### Records supplied
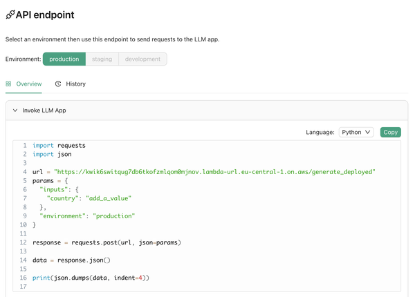 We've introduced a feature that allows you to use Agenta as a prompt registry or management system. In the deployment view, we now provide an endpoint to directly fetch the latest version of your prompt. Here is how it looks like:
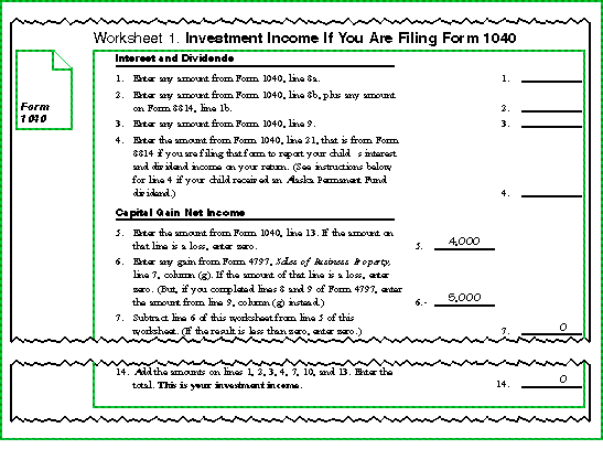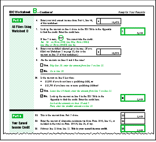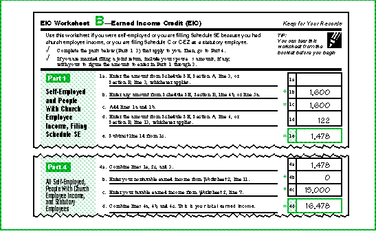 The Greens read Publication 596 to see if they can claim the EIC. They use Worksheet 1 (shown here) to figure their investment income, which is zero. They use Worksheet 3 (not shown) to figure their modified AGI. They start with their AGI of $16,878 ($15,000 + $4,000 - $2,000 - $122). When they add 75% of their farm loss to their AGI, they find their modified AGI is $18,378 ($16,878 + $1,500). They find that they are eligible to get the EIC. They use EIC Worksheet B (shown here) to figure their EIC of $2,691. They also complete Schedule EIC (not shown) and attach it to their Form 1040.
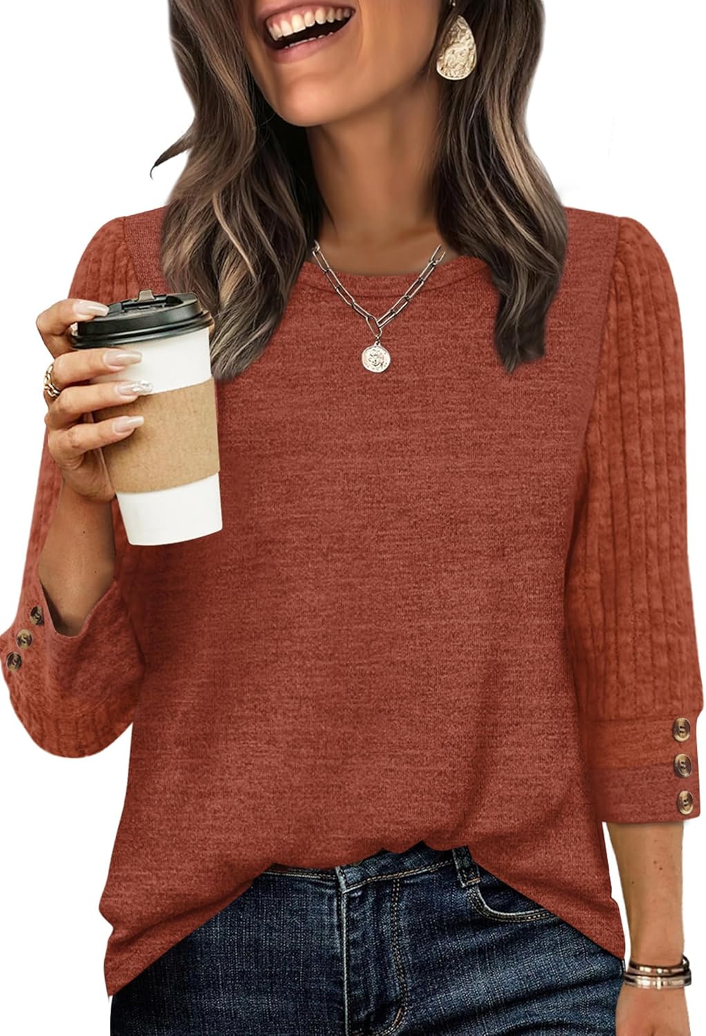 WIHOLL 3/4 Length Sleeve Womens Tops Sweaters Shirts Lightweight Spring Outfits 2026 Winter Clothing S-3XL
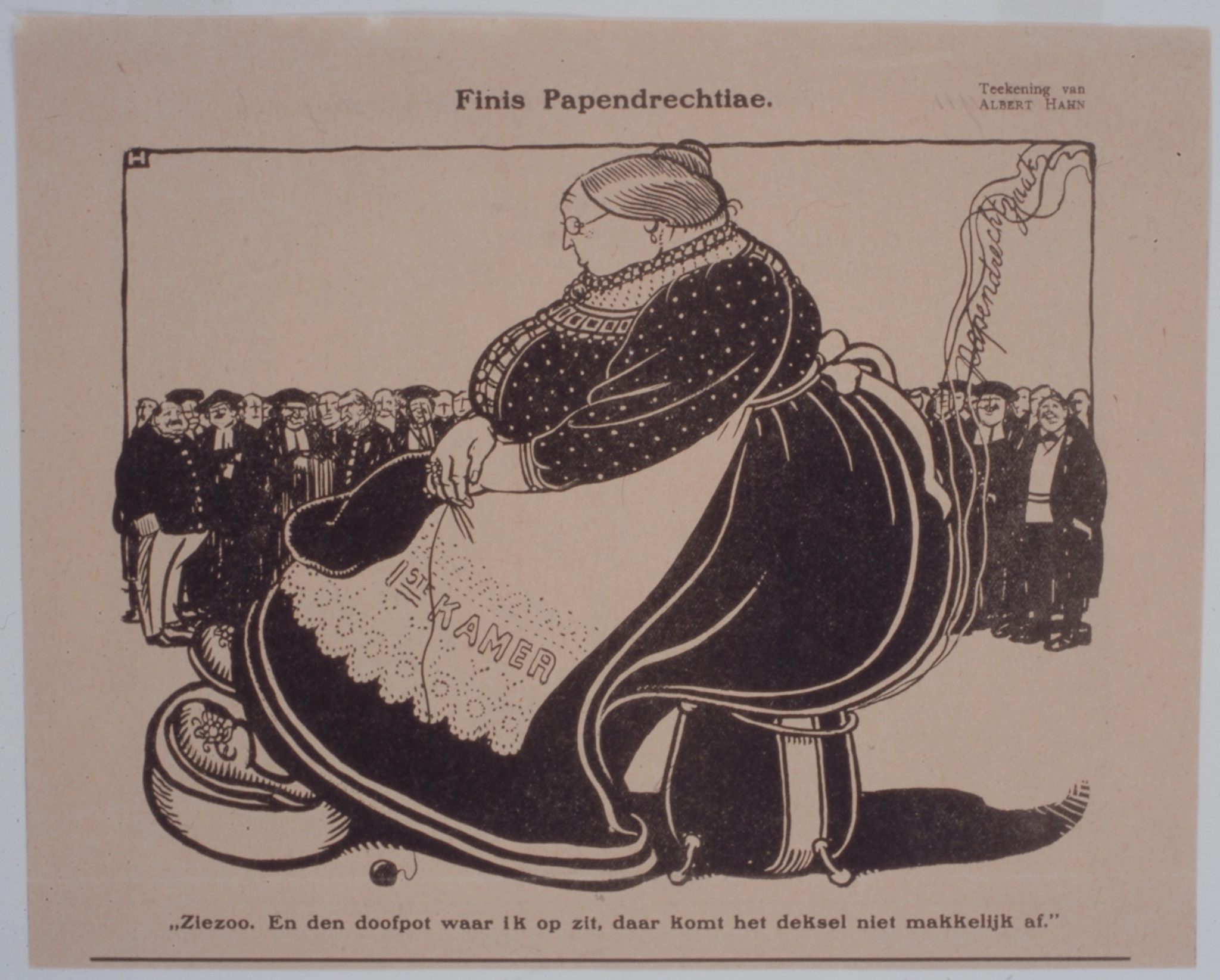 - 'Finis Papendrechtiae. Spotprent op de afhandeling van de zaak Garsthagen, de Papendrechtse strafzaak. De Eerste Kamer wordt afgebeeld als bejaarde vrouw, zittend op een geopende doofpot. Op de achtergrond zijn ministers en rechterlijke ambtenaren.
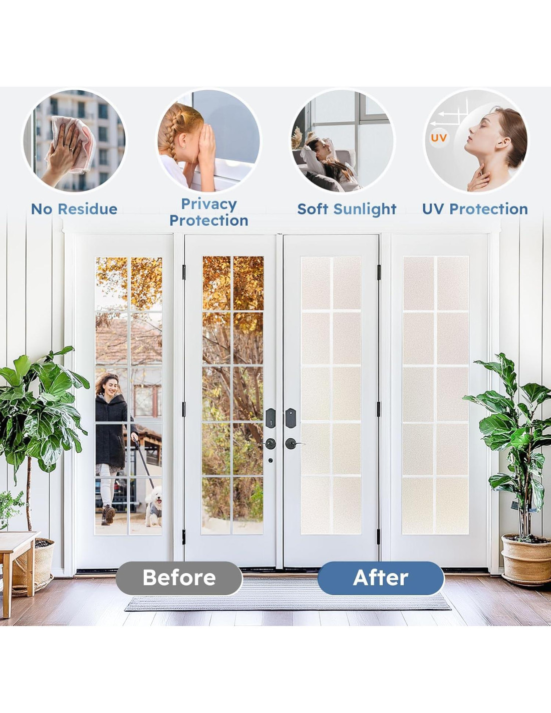 - Privacidad Total, Luz Natural: Nuestra película para ventanas esmerilada bloquea miradas curiosas y perros ladrando mientras deja que la luz natural y suave ilumine tu espacio. Disfruta de privacidad 24/7 sin sacrificar la iluminación natural
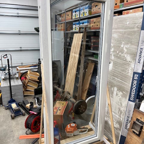 Vit, vänsterhöngd altandörr i trä, 3-glas med måtten 9x21 M.
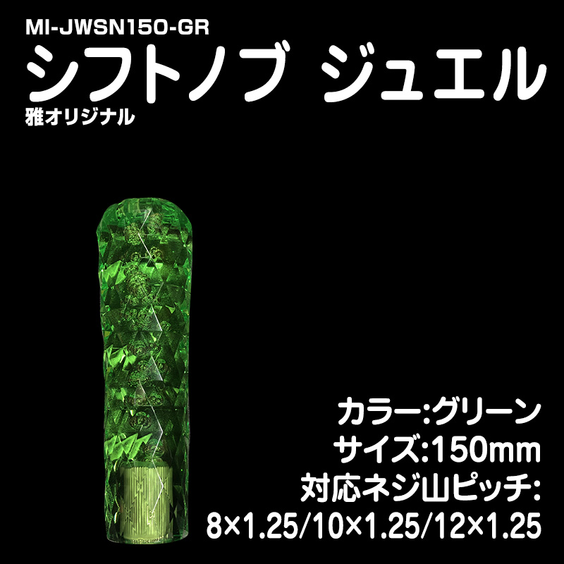 雅オリジナルシフトノブ ジュエル グリーン 150mm (10×1.25/12×1.25/12×1.75) MI-JWSN150-GR
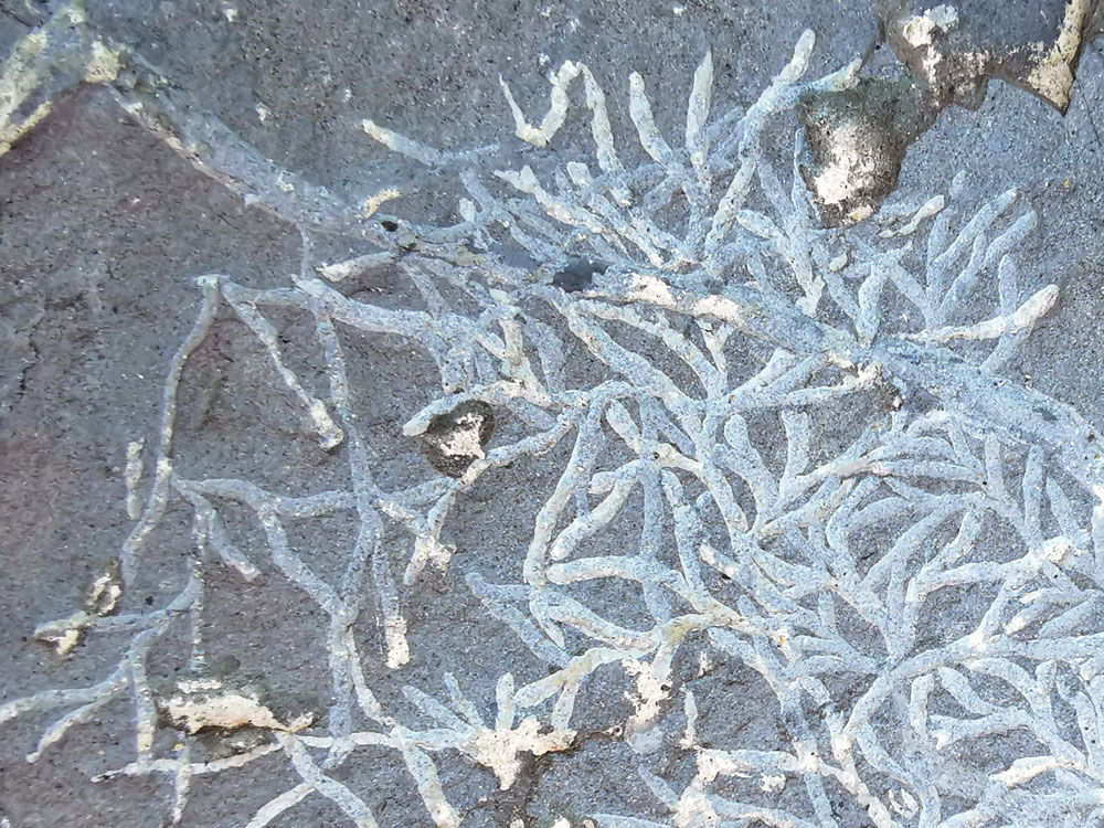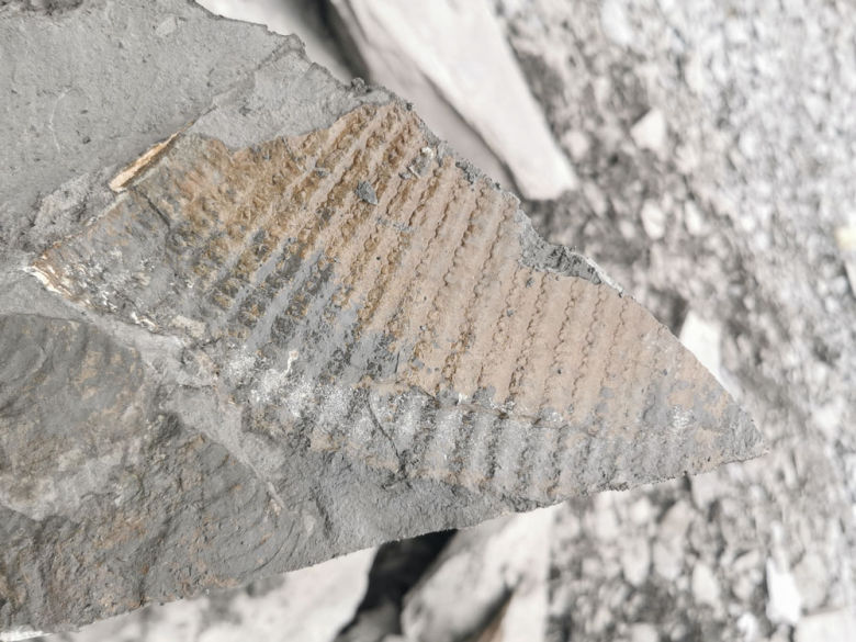 Im oberen Grubenbereich kann man diese Strukturen finden - es handelt sich um Grabgänge unbekannter Meereswürmer oder Krebstiere. Wird oft für ein Pflanzenfossil gehalten.
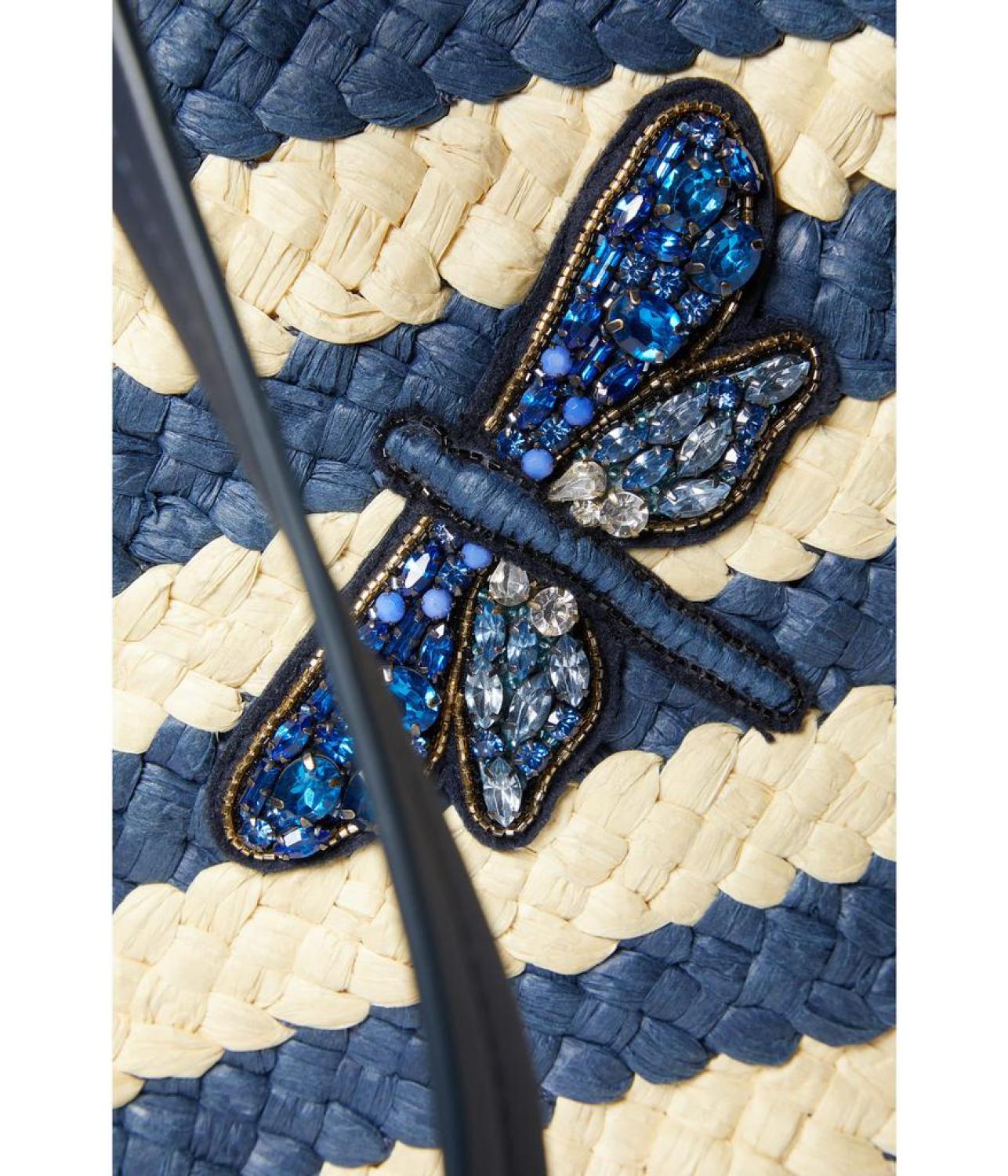 Shore Thing Dragonfly Embellished Striped Straw Large Tote
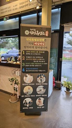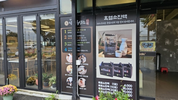 직접 흑염소진액을 짜시는지 입구에 이렇게 되어있더라구요.
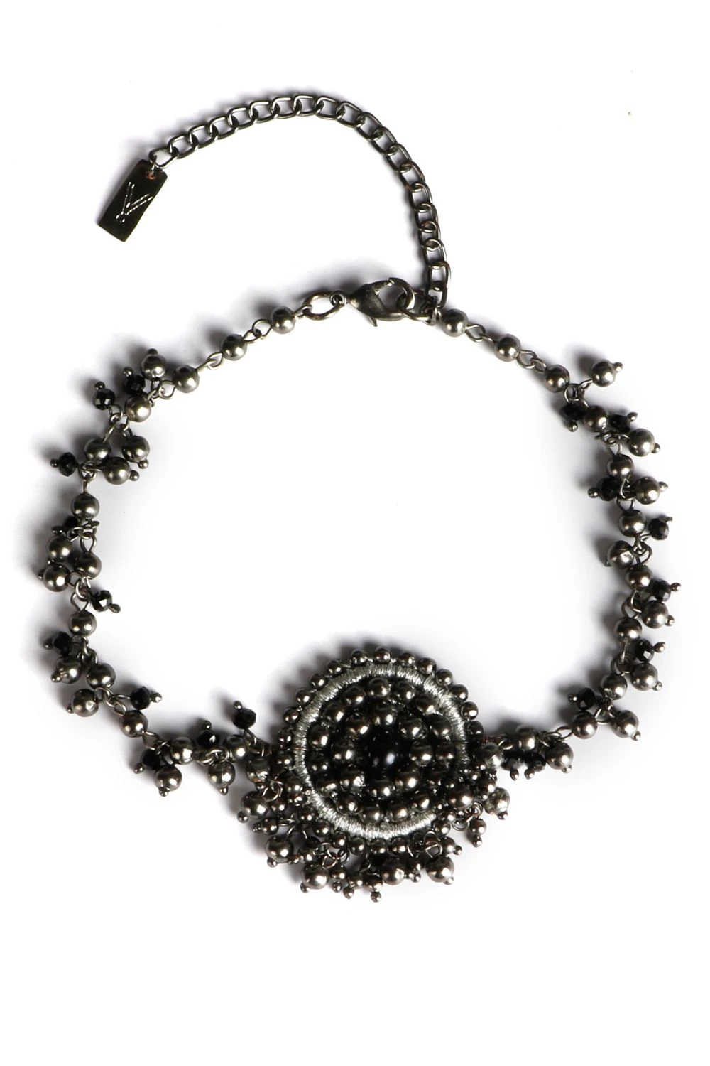 An absolute classic piece, this choker is a mix of beautiful round beads held together with grey thread. It would be a charming addition to your jewellery collection and makes a perfect evening accessory.
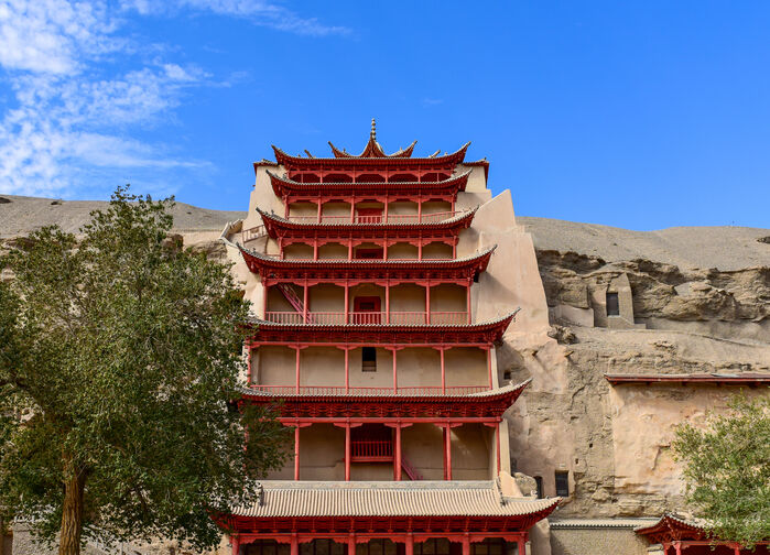 Frokost på hotellet før besøk ved Mogao-grottene, et av verdens mest betydningsfulle buddhistiske kunstsentre. Grottene begynte å bli anlagt på 300-tallet og ble utvidet gjennom nesten tusen år av munker, handelsmenn og pilegrimer som reiste gjennom området. Veggmalinger og skulpturer skildrer buddhistiske fortellinger, men også hverdagsliv, reiser og karavaner. Samlet danner de et omfattende bildearkiv over livet langs Silkeveiens handelsruter. Her møttes kulturelle påvirkninger fra Kina, India og Sentral-Asia, noe som fortsatt er tydelig i både motiver, farger og kunstneriske uttrykk.

### What to do
The result should be a word-for-word restatement of all the data, without images.

### Answer to this problem
 We've introduced a feature that allows you to use Agenta as a prompt registry or management system. In the deployment view, we now provide an endpoint to directly fetch the latest version of your prompt. Here is how it looks like:
 The Greens read Publication 596 to see if they can claim the EIC. They use Worksheet 1 (shown here) to figure their investment income, which is zero. They use Worksheet 3 (not shown) to figure their modified AGI. They start with their AGI of $16,878 ($15,000 + $4,000 - $2,000 - $122). When they add 75% of their farm loss to their AGI, they find their modified AGI is $18,378 ($16,878 + $1,500). They find that they are eligible to get the EIC. They use EIC Worksheet B (shown here) to figure their EIC of $2,691. They also complete Schedule EIC (not shown) and attach it to their Form 1040.
 WIHOLL 3/4 Length Sleeve Womens Tops Sweaters Shirts Lightweight Spring Outfits 2026 Winter Clothing S-3XL
 - 'Finis Papendrechtiae. Spotprent op de afhandeling van de zaak Garsthagen, de Papendrechtse strafzaak. De Eerste Kamer wordt afgebeeld als bejaarde vrouw, zittend op een geopende doofpot. Op de achtergrond zijn ministers en rechterlijke ambtenaren.
 - Privacidad Total, Luz Natural: Nuestra película para ventanas esmerilada bloquea miradas curiosas y perros ladrando mientras deja que la luz natural y suave ilumine tu espacio. Disfruta de privacidad 24/7 sin sacrificar la iluminación natural
 Vit, vänsterhöngd altandörr i trä, 3-glas med måtten 9x21 M.
 雅オリジナルシフトノブ ジュエル グリーン 150mm (10×1.25/12×1.25/12×1.75) MI-JWSN150-GR
 Im oberen Grubenbereich kann man diese Strukturen finden - es handelt sich um Grabgänge unbekannter Meereswürmer oder Krebstiere. Wird oft für ein Pflanzenfossil gehalten.
 Shore Thing Dragonfly Embellished Striped Straw Large Tote
 직접 흑염소진액을 짜시는지 입구에 이렇게 되어있더라구요.
 An absolute classic piece, this choker is a mix of beautiful round beads held together with grey thread. It would be a charming addition to your jewellery collection and makes a perfect evening accessory.
 Frokost på hotellet før besøk ved Mogao-grottene, et av verdens mest betydningsfulle buddhistiske kunstsentre. Grottene begynte å bli anlagt på 300-tallet og ble utvidet gjennom nesten tusen år av munker, handelsmenn og pilegrimer som reiste gjennom området. Veggmalinger og skulpturer skildrer buddhistiske fortellinger, men også hverdagsliv, reiser og karavaner. Samlet danner de et omfattende bildearkiv over livet langs Silkeveiens handelsruter. Her møttes kulturelle påvirkninger fra Kina, India og Sentral-Asia, noe som fortsatt er tydelig i både motiver, farger og kunstneriske uttrykk.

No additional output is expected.